EXERCISE
Every record below is to be retyped exactly, with the pictures left out.

SUPPLIED DATA
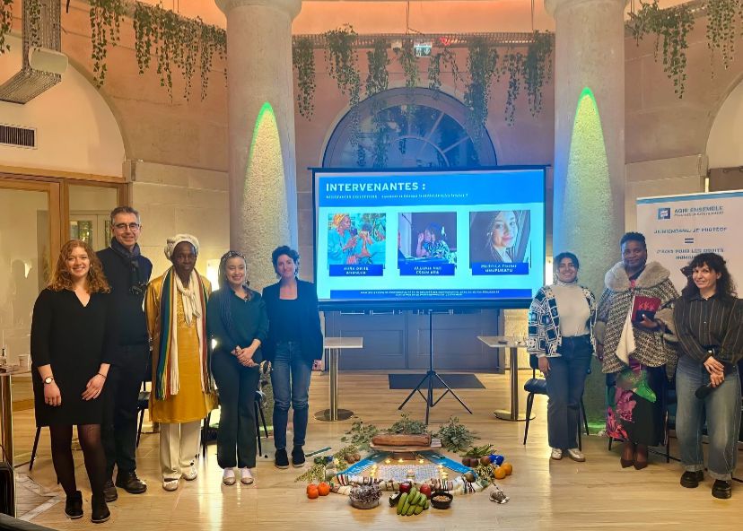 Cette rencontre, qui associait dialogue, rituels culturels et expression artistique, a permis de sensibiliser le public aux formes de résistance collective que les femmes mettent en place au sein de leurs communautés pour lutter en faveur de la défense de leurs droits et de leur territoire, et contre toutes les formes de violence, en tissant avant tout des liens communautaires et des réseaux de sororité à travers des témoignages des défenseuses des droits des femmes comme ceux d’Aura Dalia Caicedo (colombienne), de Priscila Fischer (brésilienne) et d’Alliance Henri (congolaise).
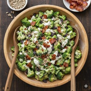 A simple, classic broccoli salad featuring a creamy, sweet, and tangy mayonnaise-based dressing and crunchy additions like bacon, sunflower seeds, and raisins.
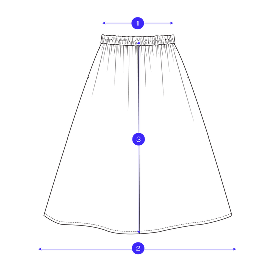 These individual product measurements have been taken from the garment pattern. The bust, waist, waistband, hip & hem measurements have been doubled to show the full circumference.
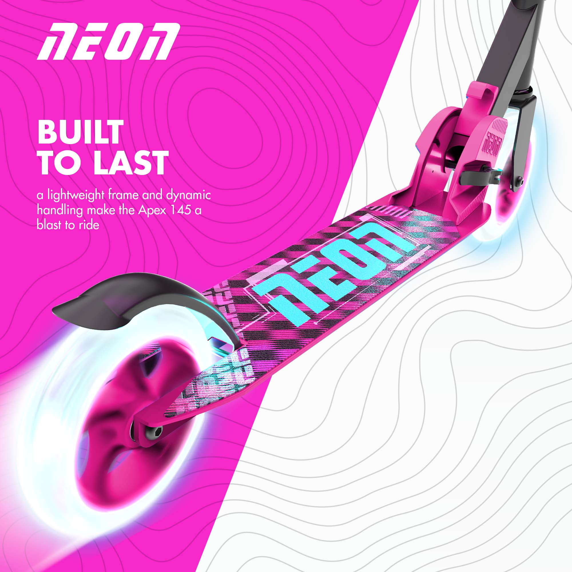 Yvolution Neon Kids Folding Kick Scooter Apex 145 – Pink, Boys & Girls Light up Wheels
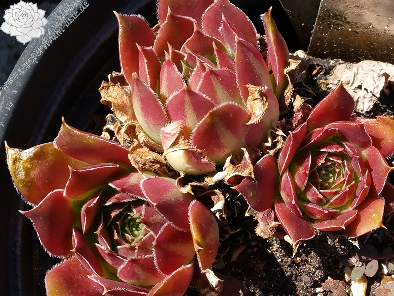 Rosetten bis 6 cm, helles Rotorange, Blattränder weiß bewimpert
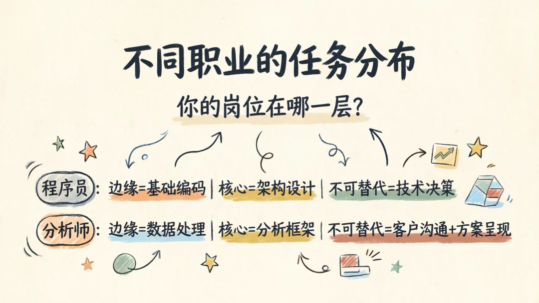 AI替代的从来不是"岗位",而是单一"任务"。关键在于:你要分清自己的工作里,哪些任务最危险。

SOLUTION TO THIS PROBLEM
 Cette rencontre, qui associait dialogue, rituels culturels et expression artistique, a permis de sensibiliser le public aux formes de résistance collective que les femmes mettent en place au sein de leurs communautés pour lutter en faveur de la défense de leurs droits et de leur territoire, et contre toutes les formes de violence, en tissant avant tout des liens communautaires et des réseaux de sororité à travers des témoignages des défenseuses des droits des femmes comme ceux d’Aura Dalia Caicedo (colombienne), de Priscila Fischer (brésilienne) et d’Alliance Henri (congolaise).
 A simple, classic broccoli salad featuring a creamy, sweet, and tangy mayonnaise-based dressing and crunchy additions like bacon, sunflower seeds, and raisins.
 These individual product measurements have been taken from the garment pattern. The bust, waist, waistband, hip & hem measurements have been doubled to show the full circumference.
 Yvolution Neon Kids Folding Kick Scooter Apex 145 – Pink, Boys & Girls Light up Wheels
 Rosetten bis 6 cm, helles Rotorange, Blattränder weiß bewimpert
 AI替代的从来不是"岗位",而是单一"任务"。关键在于:你要分清自己的工作里,哪些任务最危险。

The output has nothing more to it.